The Earlybird: Today's headlines

Bush defends missile defense, Frist courts Dole, Senate to vote on education, bombing on Vieques to end, Gore gets a new office:

  • During a NATO summit with 19 world leaders Wednesday, President Bush "defended his proposed missile defense system," the Houston Chronicle reports. Other leaders "remained divided on the wisdom of lending support to what many view as an expensive, dangerous and unproven weapons interceptor."
  • Bush also asked the world leaders to set aside the Anti-Ballistic Missile Treaty "in order for the United States to move ahead with development of a missile defense shield," the Washington Times reports.
  • After the meeting Bush said that "he had found 'new receptivity'" toward the missile defense plan, the Boston Globe reports.
  • The leaders of France and Britain urged Bush yesterday "to back a greater NATO military role in the Macedonia crisis or stand back and watch his European allies take the initiative," Reuters reports.

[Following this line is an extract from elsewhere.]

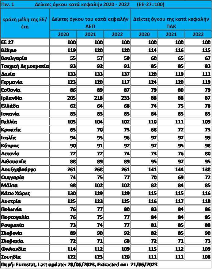 Το 2022, η διασπορά του δείκτη όγκου του κατά κεφαλήν ΑΕΠ στα κράτη μέλη της ΕΕ παραμένει εξαιρετικά εντυπωσιακή. Όπως και τα προηγούμενα έτη, το Λουξεμβούργο κατέγραψε τον υψηλότερο δείκτη, 161 %, πάνω από τον μέσο όρο της ΕΕ. Βέβαια ένα ιδιαίτερο χαρακτηριστικό της λουξεμβουργιανής οικονομίας, που εξηγεί σε κάποιον βαθμό το πολύ υψηλό κατά κεφαλήν ΑΕΠ της χώρας, είναι ότι απασχολεί μεγάλο αριθμό κατοίκων εξωτερικού, οι οποίοι συμβάλλουν στο ΑΕΠ της, αλλά δεν περιλαμβάνονται στον μόνιμο πληθυσμό. Ακολουθούν η Ιρλανδία, η Δανία, οι Κάτω Χώρες, η Αυστρία, η Σουηδία και το Βέλγιο, με δείκτη όγκου του κατά κεφαλήν ΑΕΠ άνω του 20 % πάνω από τον μέσο όρο. Η Γερμανία, η Φινλανδία, η Μάλτα και η Γαλλία είναι τα άλλα κράτη μέλη της ΕΕ με δείκτη άνω του μέσου όρου της ΕΕ. Η Ιταλία, η Σλοβενία, η Κύπρος και η Τσεχία έχουν δείκτες χαμηλότερους από το 10 % του μέσου όρου της ΕΕ. Η Λιθουανία, η Εσθονία, η Ισπανία και η Πολωνία μεταξύ 10 % και 20 % κάτω από τον μέσο όρο της ΕΕ. Ο δείκτης όγκου του κατά κεφαλήν ΑΕΠ της Ουγγαρίας, της Πορτογαλίας, της Ρουμανίας, της Λετονίας και της Κροατίας είναι χαμηλότερο από το 30 % του μέσου όρου. Ακολουθούν με 32% κάτω από τον μέσο όρο της ΕΕ, η Σλοβακία και η Ελλάδα, ενώ για άλλη μια χρονιά η Βουλγαρία καταγράφει με 41% κάτω από τον μέσο όρο της ΕΕ, τον χαμηλότερο δείκτη όγκου του κατά κεφαλήν ΑΕΠ.

  • Today Bush meets with European Union leaders in Göteborg, Sweden, where he is "expected to face tough questions and public protests directed at his environmental policies," USA Today reports.
Votes And Debates
  • The Senate is expected to approve the education reform bill today, Reuters reports. "But before the vote, the Senate must wade through a range of final amendments that could undercut bipartisan support for the measure."
  • "Senate negotiators have reached a deal that would extend a moratorium on new Internet taxes until 2006 but open the door to increased collection of existing sales taxes that now go largely unpaid on Internet and catalogue sales," USA Today reports.
  • "As both sides dug in their heels over the final details of a deal to reorganize Senate committees, GOP negotiators complained that the Democrats have yet to make the right offer to reach a settlement," Roll Call reports.
  • Sen. John McCain, R-Ariz., "yesterday called for an investigation into the $1 billion in profits taken by investors in the Mohegan Sun Casino in Connecticut in apparent evasion of federal law," the Boston Globe reports.
  • The House voted 422-2 on Wednesday to "condemn Sudan's human rights record and to prohibit foreign oil companies doing business with Sudan from raising money in American markets," the Washington Times reports.
  • House Republicans introduced legislation Wednesday that would give the president "power to negotiate trade deals with other countries, leaving Congress only to approve or reject, but not amend, such agreements," UPI reports.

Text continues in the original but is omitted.